Verified on RHV-4.4.7-6:
The checksums match.


(In reply to Nir Soffer from comment #3)
> Real flow reproducing the issue.
> 
> 1. Create test disk 
> 
> $ virt-builder fedora-32 -o fedora-32.qcow2 \
>     --format=qcow2 \
>     --hostname=f32 \
>     --ssh-inject=root \
>     --root-password=password:root -\
>     --selinux-relabel \
>     --install=qemu-guest-agent
> 
> 2. Upload disk to iscsi/fc storage
> 
> $ upload_disk.py -c my_engine --sd-name my_sd --disk-sparse fedora-32.qcow2
> 
> 4. Create vm with disk using:
> 
> interface: virtio-scsi
> enable-discard: yes
> 
> Looks like enable discard cannot be enabled when attaching new vm
> to a disk.
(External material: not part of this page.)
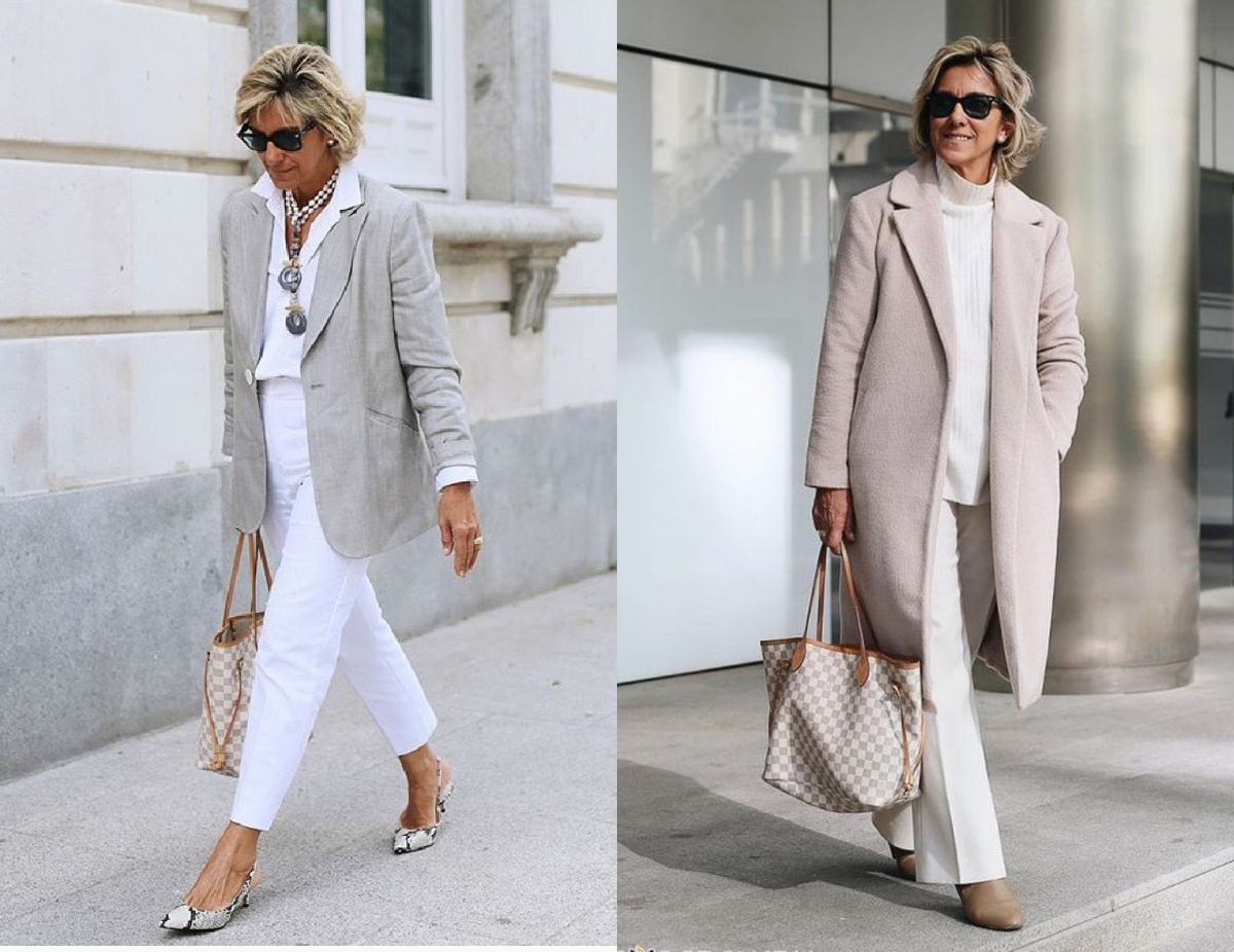 Достаточно трендово будут смотреться многослойные образы и вариации одного цвета, отличающиеся между собой по тональности. Касаемо обуви, для женщин 60+ лучше выбирать удобный вариант на низком ходу.

Edit the disk after creating the vm to enable discard.
> 
> 5. Start the vm
> 
> 6. Create a big file
> 
> In the guest run:
> 
>     # dd if=/dev/urandom bs=1M count=1024 of=big-file conv=fsync
> 
> 7. Create snapshot 1
> 
> 8. Delete the file and trim
> 
> In the guest run:
> 
>    # rm big-file
>    # fstrim -av
> 
> This creates a lot of zeroed clusters in the active vm disk snapshot.
> 
> 9. Shutdown the vm
> 
> 10. List disk snapshots
> 
> $ ./list_disk_snapshots.py -c my_engine 04e20159-443a-447e-bc2c-5620515137dc
> [
>   {
>     "actual_size": 4026531840,
>     "format": "cow",
>     "id": "f18550e7-d2b2-427a-bbd0-d39d5d93cdf1",
>     "parent": null,
>     "status": "ok"
>   },
>   {
>     "actual_size": 1073741824,
>     "format": "cow",
>     "id": "11e79858-d972-4e50-a4d3-501f759c09d7",
>     "parent": "f18550e7-d2b2-427a-bbd0-d39d5d93cdf1",
>     "status": "ok"
>   }
> ]
> 
> 11. Download base image
> 
> $ ./download_disk_snapshot.py -c my_engine my_sd
> f18550e7-d2b2-427a-bbd0-d39d5d93cdf1  base.qcow2
> 
> 12. Download top image rebasing on top of base.qcow2
> 
> $  ./download_disk_snapshot.py -c my_engine my_sd
> 11e79858-d972-4e50-a4d3-501f759c09d7 --backing-file base.qcow2 snap1.qcow2
> 
> 13. Create checksum for the original disk
> 
> $ ./checksuk_disk.py -c my_engine 04e20159-443a-447e-bc2c-5620515137dc
> {
>     "algorithm": "blake2b",
>     "block_size": 4194304,
>     "checksum":
> "73942588b8c2734598d9636499a1324392305056ddd293a04c207de0e56d39c4"
> }
> 
> 14. Create checksum for the downloaded image
> 
> $ ./checksum_image.py snap1.qcow2
> {
>   "algorithm": "blake2b",
>   "block_size": 4194304,
>   "checksum":
> "73942588b8c2734598d9636499a1324392305056ddd293a04c207de0e56d39c4"
> }
> 
> The checksums must match.
> 
> 15. Upload downloaded image to new disk
> 
> $ ./upload_disk.py -c my_engine --sd-name my_sd --disk-format qcow2
> --disk-sparse snap1.qcow2
> 
> 16. Create new vm from this disk and start the vm
> 
> The VM must boot normally.

Verified on RHV-4.4.7-6:
The checksums match and the VM boot normally.

Moving to 'Verified'.

Comment 9 Sandro Bonazzola 2021-07-28 14:16:50 UTC
This bugzilla is included in oVirt 4.4.7 release, published on July 6th 2021.

Since the problem described in this bug report should be resolved in oVirt 4.4.7 release, it has been closed with a resolution of CURRENT RELEASE.

If the solution does not work for you, please open a new bug report.